| HN Mirror

Y	Hacker News new \| ask \| show \| jobs


	by alekandreev 466 days ago
	Picking model sizes is not an exact science. We look for sizes that will fit quantized on different categories on devices (e.g., low-end and high-end smartphone, laptops and 16GB GPUs, and bigger GPUs/TPUs). We also want the ratio of model width to depth (number of layers) to be consistently around 90, which we found works best. The models are trained with distillation from a bigger teacher. We train them independently, but for v3 we have unified the recipes for 4B-27B, to give you more predictably when scaling up and down to different model sizes.

2 comments

magicalhippo 466 days ago

Thanks again, very interesting.

One unexpected (to me) use-case appeared not long ago when I found myself without internet but wanting to fix some non-standard Linux configuration issue. As a Windows guy I tend to web search such things, but local LLM to the rescue!

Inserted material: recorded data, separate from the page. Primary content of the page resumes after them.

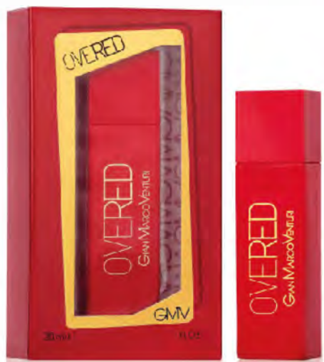
Eau de Toilette Natural Spray 30 ml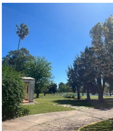
Unser Grundstück Hogar German Frers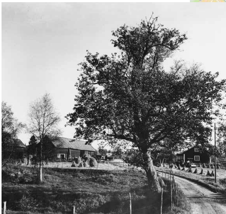
VÅGEN MOT MYGGDALENS GÅRD, NUVARANDE BOLLMORAVÄGEN, FRÅN OK-MACKEN MOT CENTRUM.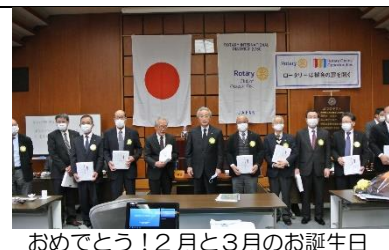
おめでとう！2月と3月のお誕生日の皆さん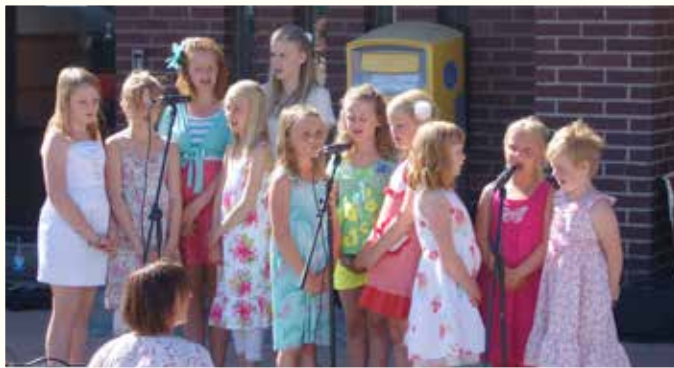
Barnkören sjunger på Stortorget i Sölvesborg 6 juni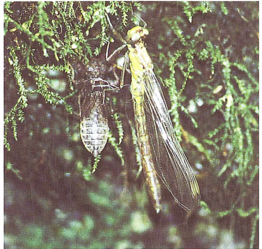
Abb. 3: Frisch geschlüpftes Männchen von Davidius aberrans neben der Exuvie auf einem bemoosten Stein einer Phytotelme in 2500 m ü. NN, 8.5.2000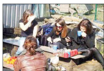
3 Bajonettuin gaat er komen!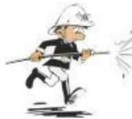
Bomber / bombera ↓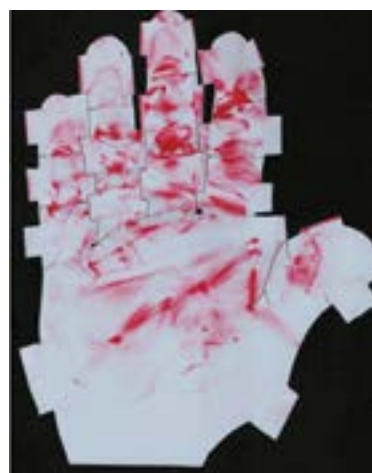
Отпечаток, полученный при тестировании инструмента от компании Synthes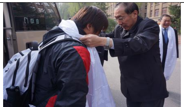
參訪青海民族大學，谷副校長為團員獻哈達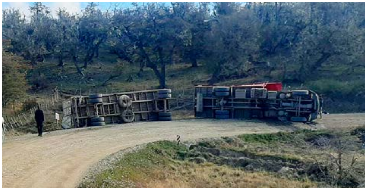
Camión jaula volcó en la ruta complementaria A, su conductor salió ileso y un vacuno murió.

Se realizaron las tareas de remoción del camión, quedado estacionado sobre sus neumáticos, a la vera de la ruta, en el Destacamento Policial. En tanto que personal de la Estancia se abocó a las tareas de búsqueda de los animales.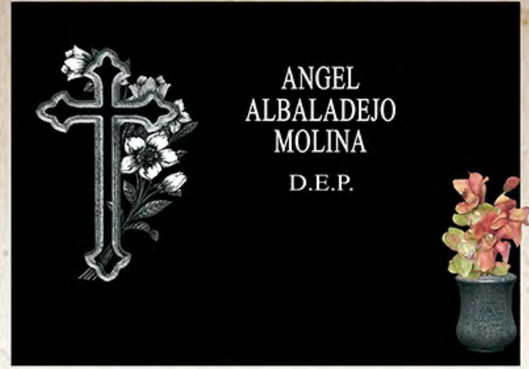
REF CML 4 Img. Láser B/N Letra Romana Mayúscula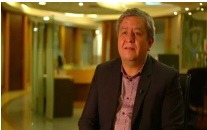
Fiscal Adjunto de Alta Complejidad, José Solís

El levantamiento de cámaras y el cruce de información permitió recuperar 11 vehículos robados en “portonazos” y “encerronas”, a los cuales se les modificaban sus números de serie para luego ser comercializados en distintas regiones del país.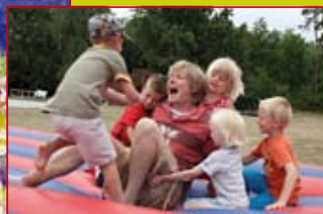
På familielejrene er der plads til både dybde, leg og hygge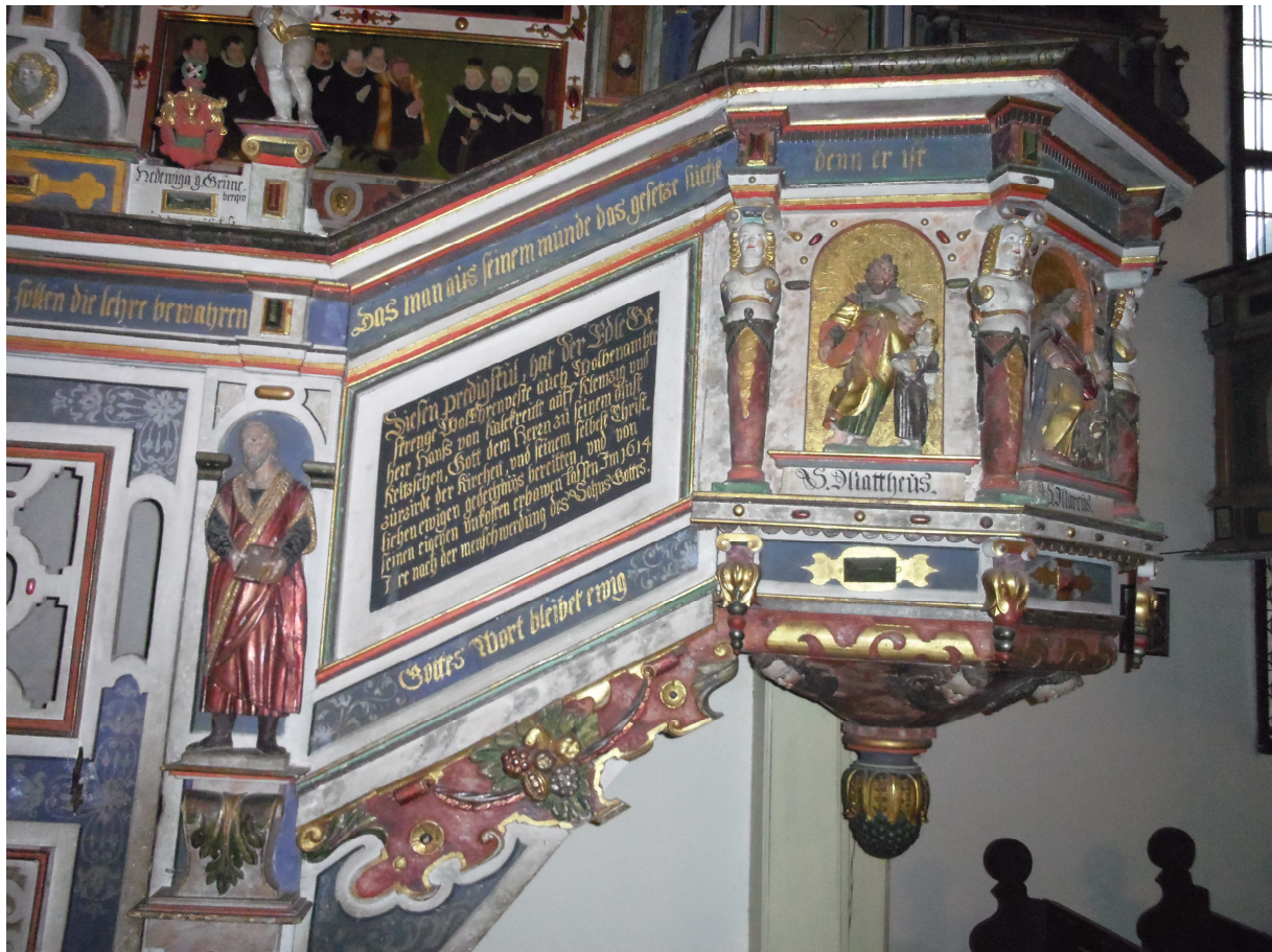
Renaissancekanzel vor der Restaurierung. Frühjahr 2012

Even smaller models like Gemma 2 9B has enough compressed knowledge that it managed to help me quickly solve my issue.

This got me thinking how such smaller, but very capable models might be a game-changer in communities where internet might not be available or too expensive for continuous use. It's almost like having a portion of the internet in a box, just add electricity.

alekandreev 466 days ago

Thank you for the feedback! This is why we are so excited to push more and more on small models for both low end and high end smartphones!

bguberfain 466 days ago

Can you provide more information about this “bigger teacher” model?